なぜサンジョベーゼには……?
90kmほどドライブを堪能したあと、運転を交代した。本当は交代したくなかったけれど、こんなに素晴らしいクルマを分かち合いたいという気持ちもないことはない。相方だって日本からはるばる来ている。知らない仲どころか、知ってる仲である。そんなわけでおとなしく助手席に移り、退屈な時を過ごした。
ランチはアドリア海に面した港湾都市チェゼナーティコでとることになっていた。レオナルド・ダ・ヴィンチが設計に関わった運河港に面したレストランで青空の下、乗ってきた488スパイダーを眺めながら、という絵に描いたようなシチュエーションに置かれた私は、テーブルに置かれたワインにあらがうことができなかった。

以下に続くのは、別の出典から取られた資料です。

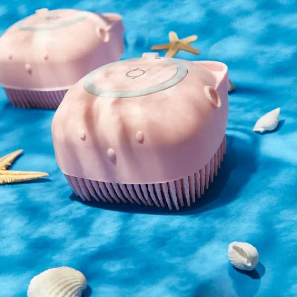Por un lado es un suave cepillo corporal con el que eliminarás las impurezas y exfoliarás tu piel durante el baño.
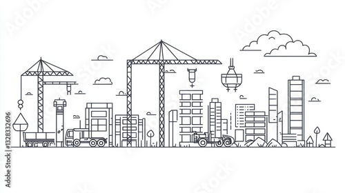 © lestari, Fototapeta premium Urban Construction Site Line Art
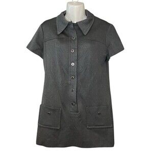 This vintage gray trapeze short sleeve mini dress is a handcrafted piece that exudes a 60s vibe. It features a collared neckline, button closure, and accent buttons that add a touch of elegance to its overall design. The dress is made of a comfortable polyester blend French Terry fabric that is perfect for any occasion, whether it's a casual day out, a formal event, or a cocktail party.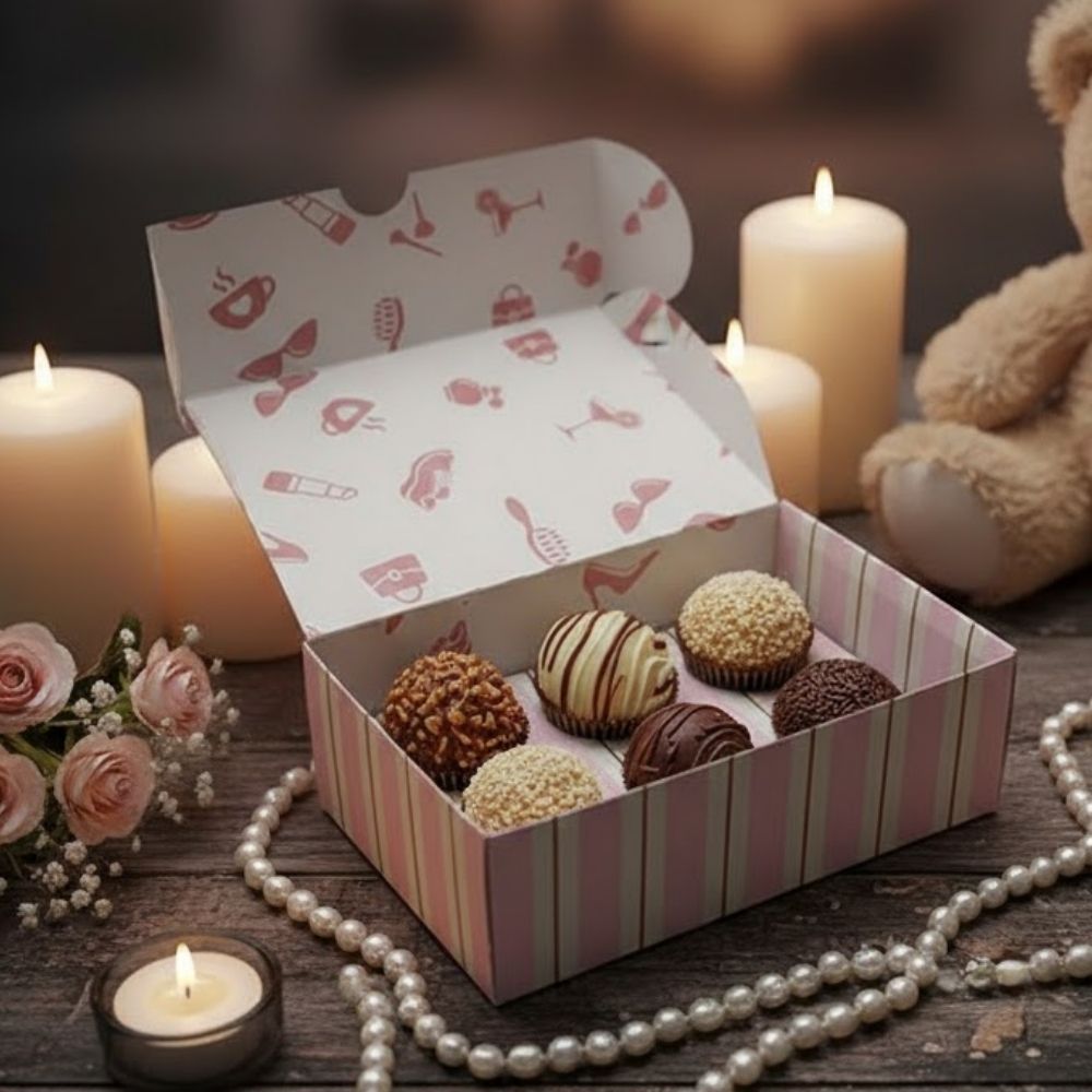 Com aproximadamente 13x9x4,5cm, possui tamanho ideal para acomodar até 6 doces, como brigadeiros, trufas ou bombons. Seu formato retangular valoriza a organização interna e garante uma apresentação elegante e harmoniosa.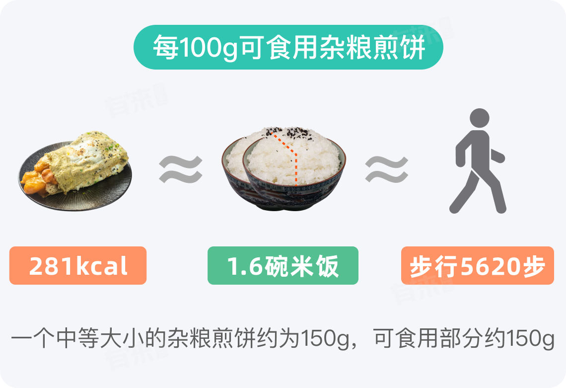 在营养学上,一般每100g热量低于100kcal的食物被视为低热量食物,100-200kcal为中热量食物,超过200kcal为高热量食物。因此,杂粮煎饼的热量处于高热量范畴。一个中等大小的杂粮煎饼约150g,热量为422kcal,相当于2.4碗米饭的热量。如果一餐的热量为600kcal,100g杂粮煎饼约占一餐热量的47%。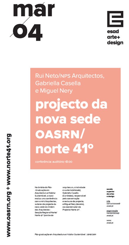 No âmbito da Pós-Graduação em Arquitectura e Habitar Sustentável, a Escola Superior de Artes e Design, ESAD, realiza a conferência "Projecto da Nova Sede OASRN/Norte 41º - Centro de Arquitectura, Criatividade e Sustentabilidade" com os NPS Arquitectos, autores do projecto da Nova Sede da OASRN no Porto, Gabriella Casella (Cariátides), responsável pela conservação e restauro do projecto e arquitecto Miguel Nery, membro do Conselho Directivo Regional Norte da Ordem dos Arquitectos e co-coordenador do Projecto Norte 41º.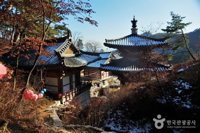 현등사는 가평군내에서 가장 규모가 큰 고찰로서, 신라 제23대 법흥왕 때 인도에서 온 마라아미 스님을 위하여 창건한 것이라 한다. 조선 태종11년(1411) 함허대사가 중수했고, 순조 29년(1829) 화재를 만나 건물이 전소된 것을 이듬해 최윤 원빈스님이 보광전, 극락전, 요사등 건물을 중수, 1984년 충현 스님이 극락전, 보광전 등을 개축하여 오늘에 이르렀다. 경내에는 현재 3층석탑, 지진탑(보조국사사리탑), 화담당경화탑, 함허대사 부도, 북악 부도 등의 문화재와 사찰 건물내에는 아미타불 좌불상, 후불탱화, 동종 등 전래의 유물들이 보존되고 있다. 자료출처 - 대한민국 구석구석(http://korean.visitkorea.or.kr) 펜션에서 약 35.8km, 차량 약 43분 거리

イタリアにおいては食事といえばワインがつきもの。キリストの血なくして、メシはない。もちろんそのワインはサンジョベーゼで、魚介類の料理にもピッタリだった。
それにしても……と私が思ったことも確かだ。なぜサンジョベーゼにはフェラーリほどの華やぎがないのか。フェラーリ級のイタリア・ワインというものがあるのなら、ぜひ持ってきてほしい。単に飲みたいからですけど。いや、そんなものはなくてもいいのです。イタリアのワインというのは、食事とフェラーリを引き立てるためにあるのだ。なんちゃって。